Energy mix and cost structure changes and a new rate design are expected to cut average residential customer monthly bills 23% between 2014 and 2030.
“About 75% of our current generation is from expensive oil,” explained Hawaiian Electric Spokesperson Peter Rosegg. “Roughly 70% of the electric rate is for fuel and fuel-related costs. Switching to less expensive renewables and LNG will bring down the cost of fuel. That helps offset the bill impact of investment in upgrades and other infrastructure.”
Containerized LNG imports should begin by the end of 2017, with “relatively little new infrastructure needed,” Rosegg said. Converted oil-fired plants will need only “loading docks, day-storage tanks and small regasification units and piping.”
Customer bills will fluctuate through about 2023, while investment is made in improvements and upgrades, he said. “After that, we envision bills in a steady decline, to reach 20% below current rates by or before 2030.”
Fifteen-year LNG contracts call for declining imports, following the transition to renewables, he added.
Lower rates through smarter delivery
A new, “more equitable” tariff structure will be based on both the value of grid-provided power and of DG delivered to the grid, and will “fairly” allocate “fixed costs of the grid to all customers,” the DGIP promises.
Regulatory and policy changes are essential. In the short term, Hawaii’s Net Energy Metering program must be modified to a Schedule Q tariff with a non-export option. The model should be PUC’s Order No. 32269 of August 21, 2014, which provides revised, “fairly allocated” DG tariffs.
In the longer term, the DGIP adds, products and services should allow other ways to access DG, including export and non-export systems, community solar, customer-sited storage, electric vehicles, and other emerging technologies.”
Transmission and distribution system upgrades “will mitigate system risks and allow for greater levels of two-way power flow with continued reliable service,” Rosegg explained.
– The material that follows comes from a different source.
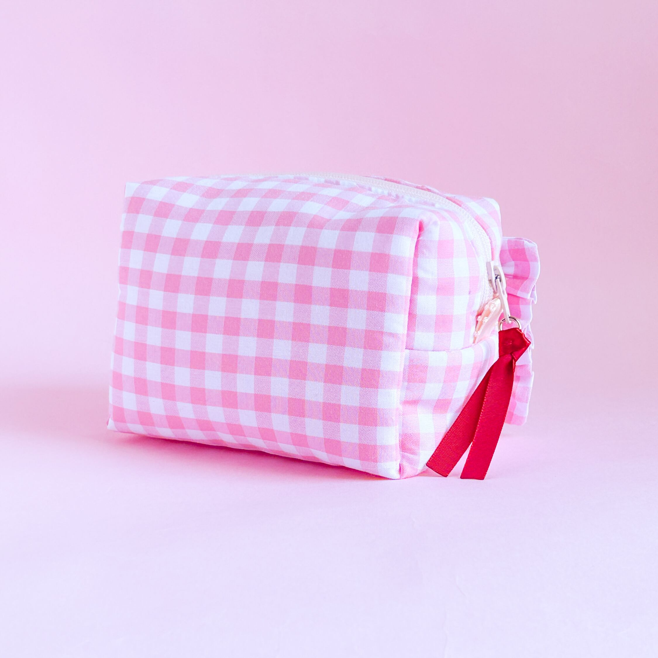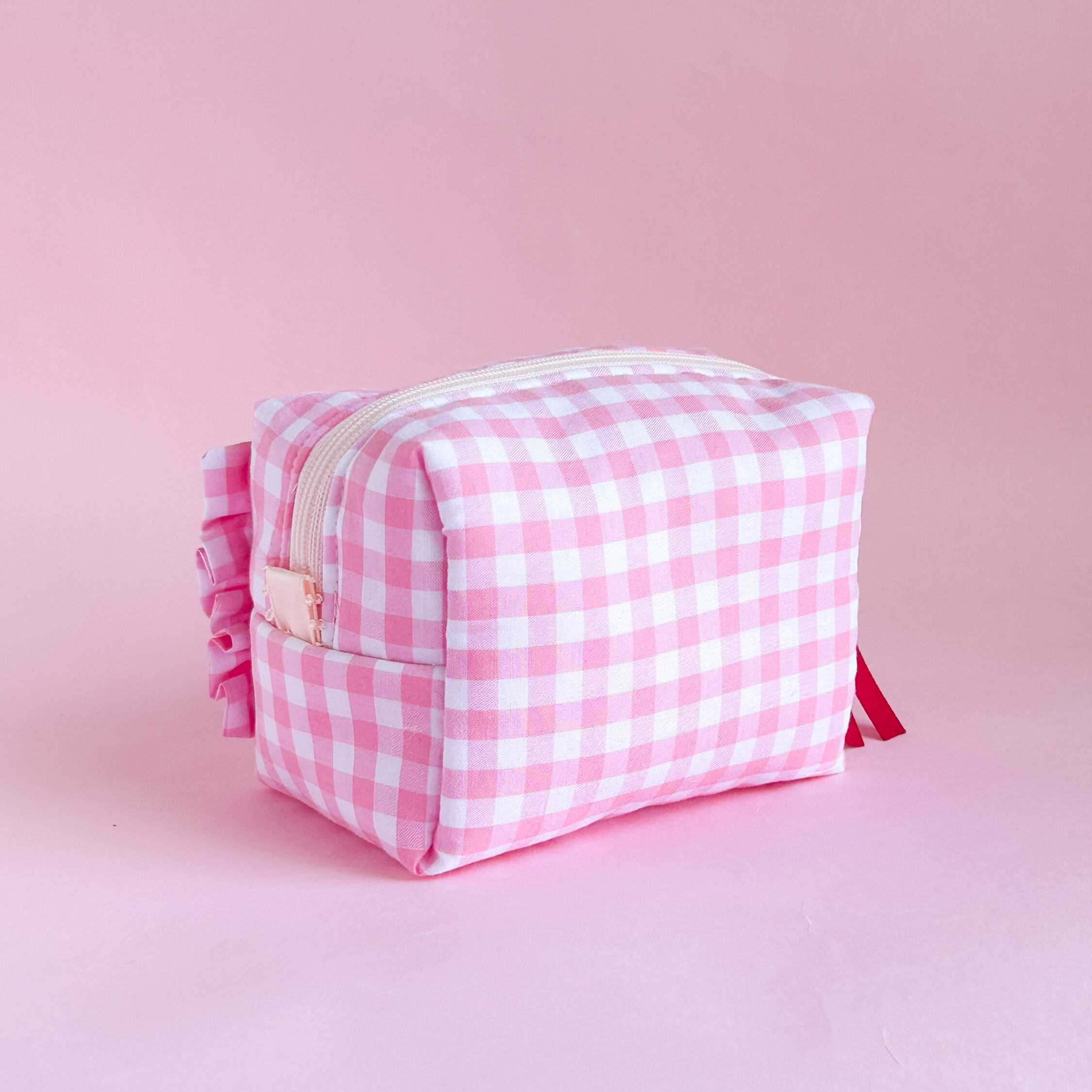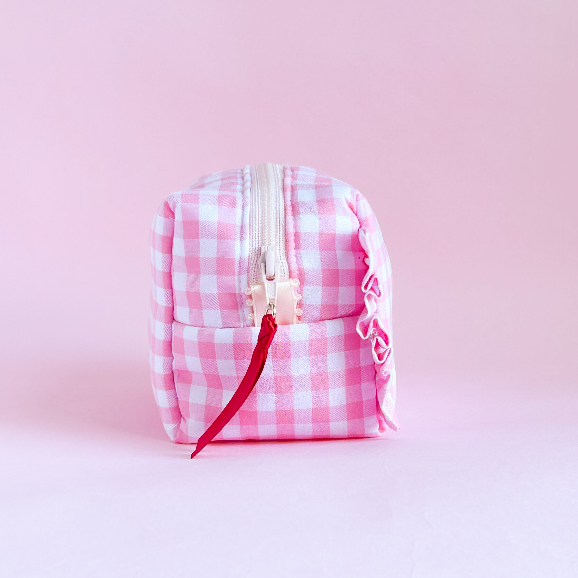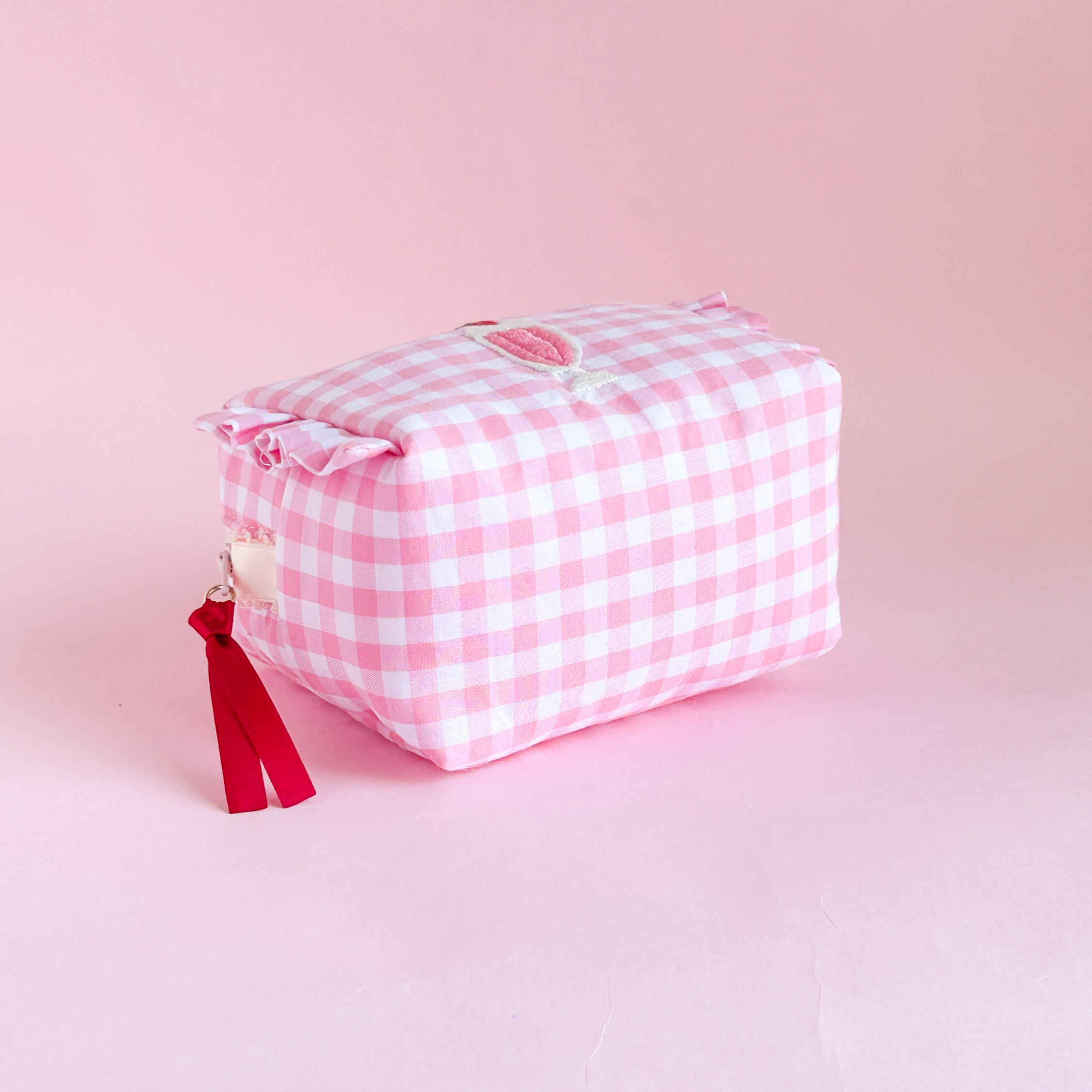 ボックスポーチ(ピンクギンガム/イチゴミルクシェイク刺繍)minetteハンドメイド

Investments and initiatives are already underway and planned.
“On the customer side of the meter, expanded demand response programs will give customers incentive to move their energy use to when we have the greatest available solar energy and allow the utility to turn down or turn off a pre-agreed part of customers’ load to maintain reliability,” he said.
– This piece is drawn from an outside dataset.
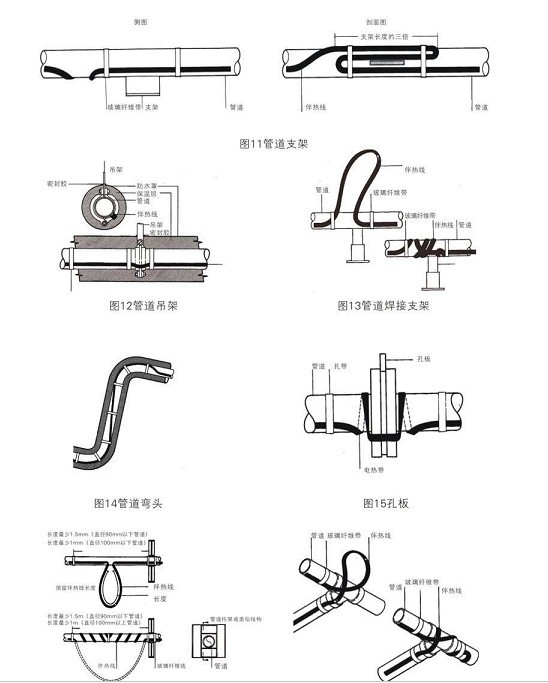 電熱帶安裝時(shí)應(yīng)注意,保證電熱帶芯帶最大接觸面積緊貼附件。切勿扭折,保證熱傳遞正常。以上安裝可以通過鋁箔膠帶增大受熱面積,確保伴熱效果。以下為附件安裝示意圖:

And there are plans for “significant” new energy storage. “The plan we filed includes additions of 300 megawatts of energy storage on O‘ahu by 2030, 42 megawatts of battery storage on Maui, 10 megawatts each on Moloka‘i and Lana‘I, and 25 megawatts on Hawai‘i Island,“ Rosegg said. “This is on top of 22 megawatts of battery storage on Maui and 1 megawatt on Lana‘I, and 2 megawatts planned for Molokai, and small demonstration projects planned on O‘ahu and Hawai‘i Island.”
Meeting technical challenges
Operational constraints will be proactively mitigated by meeting technical challenges at the distribution level and reliability risks for the overall power system will be met with smart technologies, the DGIP promises.
Plans also include circuit and power system upgrades, advanced inverters, and other technologies that allow two-way communications and other elements of the modernized grid that enable more interconnection.
“The Companies are working with inverter manufacturers to test and confirm inverter features that will enable an increase in gross daytime minimum load limits from 120% to a target of 150%,” the DGIP reports.
The DGIP’s integrated interconnection queue proposal focuses on eliminating customer dissatisfactions through faster and clearer interconnection procedures that will, the filing promises, “provide a clear and transparent path forward for applicants.”